# An Efficient VLSI Architecture for Lifting-Based Discrete Wavelet Transform

Wang Chao, Wu Zhilin, Cao Peng, Li Jie

Nation ASIC system Engineering Research Center, Southeast University, Nanjing, China

# ABSTRACT

In this paper, we propose an efficient VLSI architecture which performs the two-dimensional (2-D) discrete wavelet transform (DWT) of 9/7 filter for JPEG2000. Based on the modified lifting-based DWT algorithm, an efficient VLSI architecture for one-dimensional (1-D) DWT is derived to reduce the hardware cost and shorten the critical path. The proposed 2-D DWT architecture is composed of two 1-D processors (row and column processors). Based on the linebased architecture, the column processor can start columnwise transform while only two rows have been processed. For an MxN image, only 5.5N internal memory is required for the 9/7 filter to perform the 2-D DWT with the critical path of one multiplier. Finally, Verilog simulation results are presented to show that the proposed architecture in comparison with other existing architectures is fast and efficient for the 2-D DWT computation.

#### **1. INTRODUCTION**

Discrete wavelet transform has been widely used in image compression. The well-know image coding standards, MPEG-4 still texture coding and JPEG2000 still image coding have adopted DWT as their transform coder.

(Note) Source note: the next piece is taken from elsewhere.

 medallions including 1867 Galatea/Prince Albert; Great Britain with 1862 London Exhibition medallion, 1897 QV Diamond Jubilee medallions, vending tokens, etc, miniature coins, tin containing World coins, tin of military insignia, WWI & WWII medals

Processing speed and internal memory requirement are the main issues for hardware implementation of DWT. For 1-D DWT, the architectures can be mainly categorized into the convolution-based and lifting-based [2] [3]. Although the lifting scheme needs less computation and lower memory, but the longer critical path limits the efficiency of hardware implementation. Adding more pipeline registers would shorten the critical path but would increase the internal memory size of 2-D DWT. Huang et al. proposed the flipping structure to shorten the critical path without hardware overhead [6]. The temporal buffer size of 2-D architecture for an MxN image is 11N with one multiplier delay. To shorten the critical path and lower the memory requirement of 2-D implementation, a modified lifting-based algorithm is proposed.

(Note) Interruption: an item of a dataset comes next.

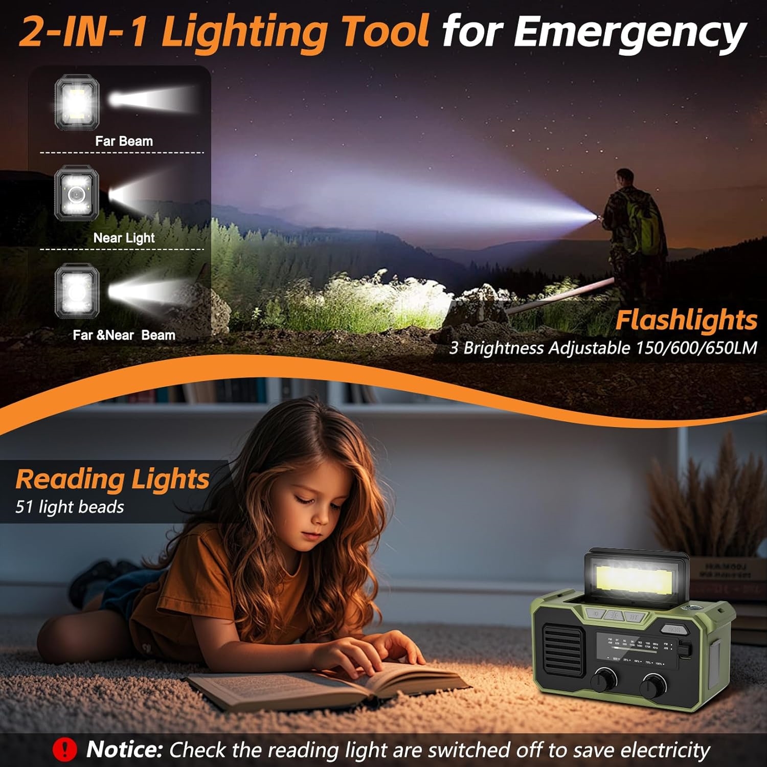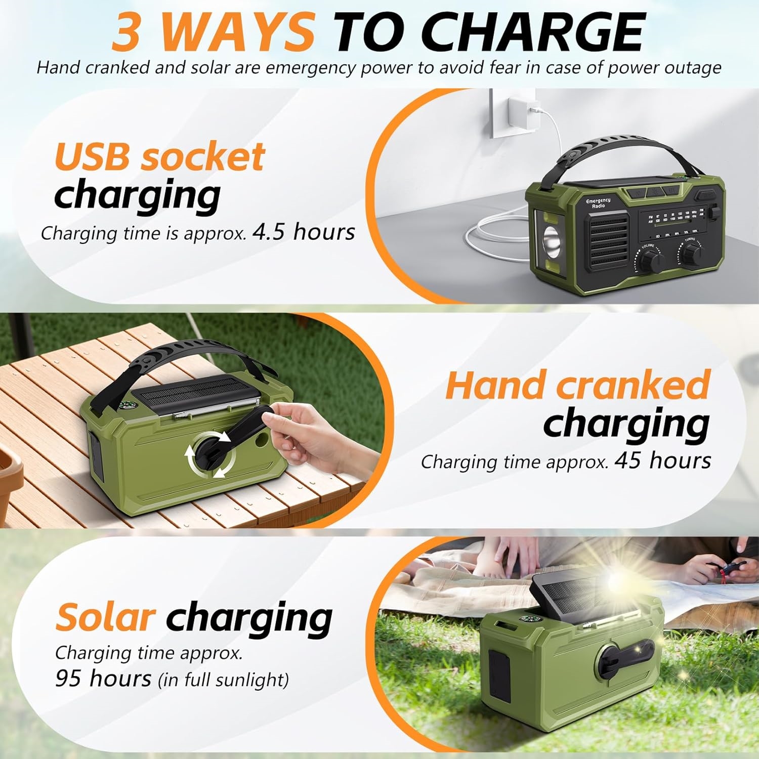 Tämä kestävä hätäradio, jossa on erittäin suuri 27.000 mAh powerbank, varmistaa luotettavan virtalähteen ja viestinnän, kun se on kaikkein kriittisintä. Kolmen latausvaihtoehdon kautta, USB:n, käsikammen ja aurinkopaneelin avulla, varmistetaan, että sinulla on aina pääsy sähköön - jopa pitkittyneiden sähkökatkosten aikana. Radio kattaa sekä FM:n että AM:n, joten voit vastaanottaa tärkeitä hätäilmoituksia ja pysyä ajan tasalla. Bluetooth 5.3:n ja 3,5 mm kuulokeliitännän avulla sinulla on joustavat mahdollisuudet liittää ulkoisia laitteita. Sisäänrakennettu SOS-sireeni ja kolme LED-valaistustilaa tarjoavat lisäturvallisuutta kriittisissä tilanteissa. Kestävä muotoilu ja sisäänrakennettu kompassi tekevät laitteesta ihanteellisen sekä valmiustilaan että ulkoilma-aktiviteetteihin.

The rest of this paper is organized as follows. Section 2 presents the conventional and modified lifting-based DWT algorithm. Section 3 shows the proposed one-level 2-D DWT architecture based on the modified algorithm. Experimental results and performance comparison are

described in Section 4. Finally, Section 5 gives a brief summary.

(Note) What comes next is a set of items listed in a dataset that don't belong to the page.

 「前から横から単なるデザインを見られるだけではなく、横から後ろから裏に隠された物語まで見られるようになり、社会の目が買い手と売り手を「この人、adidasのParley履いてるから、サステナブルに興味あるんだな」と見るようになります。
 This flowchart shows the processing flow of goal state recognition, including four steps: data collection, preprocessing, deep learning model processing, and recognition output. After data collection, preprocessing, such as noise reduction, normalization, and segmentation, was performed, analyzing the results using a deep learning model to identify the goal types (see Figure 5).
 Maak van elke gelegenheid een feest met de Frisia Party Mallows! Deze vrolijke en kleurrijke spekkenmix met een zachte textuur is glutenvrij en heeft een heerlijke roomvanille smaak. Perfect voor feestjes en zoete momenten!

# 2. LIFTING-BASED DWT ALGORITHM 2.1. Conventional Lifting-Based DWT

The lifting scheme is a method for constructing wavelets by spatial approach [7]. According to [8], any DWT filterbank of perfect reconstruction can be decomposed into a finite sequence of lifting steps. This decomposition can factorize the ploy-phase matrix of the target wavelet filter into a sequence of alternating upper and lower triangular matrices and a constant diagonal matrix, which can be expressed as follows:

$$h(z) = h_{e}(z^{2}) + z^{-1}h_{o}(z^{2})$$

$$g(z) = g_{e}(z^{2}) + z^{-1}g_{o}(z^{2})$$

$$P(z) = \begin{bmatrix} h_{e}(z) & g_{e}(z) \\ h_{o}(z) & g_{o}(z) \end{bmatrix}$$

$$= \prod_{i=1}^{m} \begin{bmatrix} 1 & s_{i}(z) \\ 0 & 1 \end{bmatrix} \begin{bmatrix} 1 & 0 \\ t_{i}(z) & 1 \end{bmatrix} \begin{bmatrix} K & 0 \\ 0 & \frac{1}{K} \end{bmatrix}$$
(2)

where h(z) and g(z) are the low-pass and high-pass analysis filters, respectively, the (2) is the poly-phase decomposition, and P(z) is the poly-phase matrix.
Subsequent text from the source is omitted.